Once provisioned, each sandbox runs for as long as a task requires. Throughout that window, it remains fully stateful, so modified files, actions, and context accumulated by the agent are preserved in real time. That continuity means each training cycle produces a more capable, accurate, and cost-efficient model than the last.

Critically, that performance scales. Daytona runs directly on bare metal with a proprietary scheduler, bypassing the overhead of traditional VM orchestration. This architecture enables Trajectory’s engineers to provision thousands of sandboxes in parallel, each one fully isolated to ensure reproducible results.

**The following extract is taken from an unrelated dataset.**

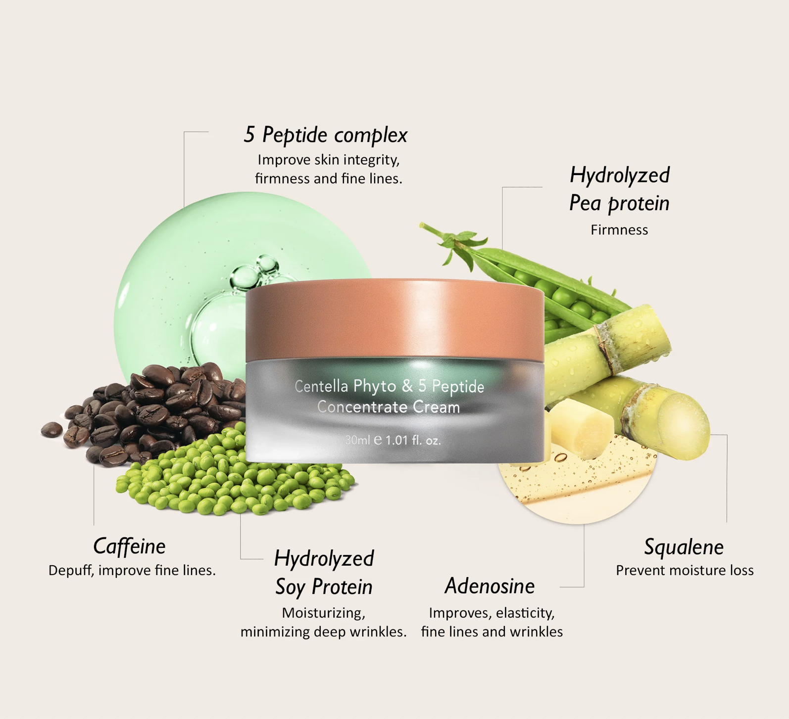 Crema con concentrado de péptidos y centella (Centella Phyto & 5 Peptide Concentrate Cream)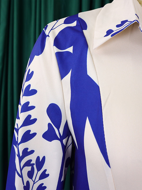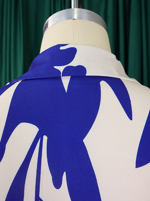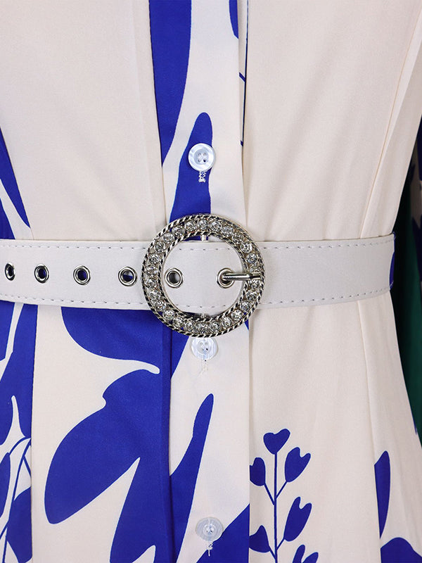 Irregular clipping Long Sleeves Lace-Up Pleated Printed Split-Joint Tied Waist Lapel Maxi Dresses Shirt Dress

With Daytona’s integrated lifecycle controls, sandboxes are torn down automatically, freeing RAM, CPU, and storage. At the volume Trajectory operates, that precision keeps compute consumption tightly coupled to active training work. In turn, Michael can redeploy these resources toward new training runs.

Beyond the infrastructure itself, Daytona has become a strategic partner in Trajectory’s RL operations. Even after integration, the team remains closely involved, answering questions within minutes and conducting proactive check-ins. And because Daytona’s stack provides deep visibility into sandbox behavior, Trajectory’s engineers gain the insights they need to optimize performance and iterate across their RL pipelines.

Daytona lets us spin up environments that used to take up to 30 minutes in under five seconds. And we can do that for thousands of sandboxes at once, which is what makes efficient RL post-training possible.

Michael Elabd

Co-Founder and CTO of Trajectory

03 -- RESULT

Trajectory Provisions 700k Sandboxes With Daytona

With Daytona, Trajectory turns real-world production interactions into frontier-grade models that continuously improve their customers' products. By provisioning thousands of concurrent sandboxes on demand, Michael and his team run RL training at the pace continual learning requires, accelerating model optimization for every customer.

99.6% faster sandbox provisioning
700k sandboxes provisioned with Daytona
15+ hours of engineering time saved monthly

Looking ahead, Michael expects Trajectory’s reliance on Daytona to deepen as the team scales continual learning to more customers and more complex environments. As Trajectory brings an intelligence layer to more products, Daytona remains a key partner that frees Michael and his team to focus on model enhancements rather than infrastructure management.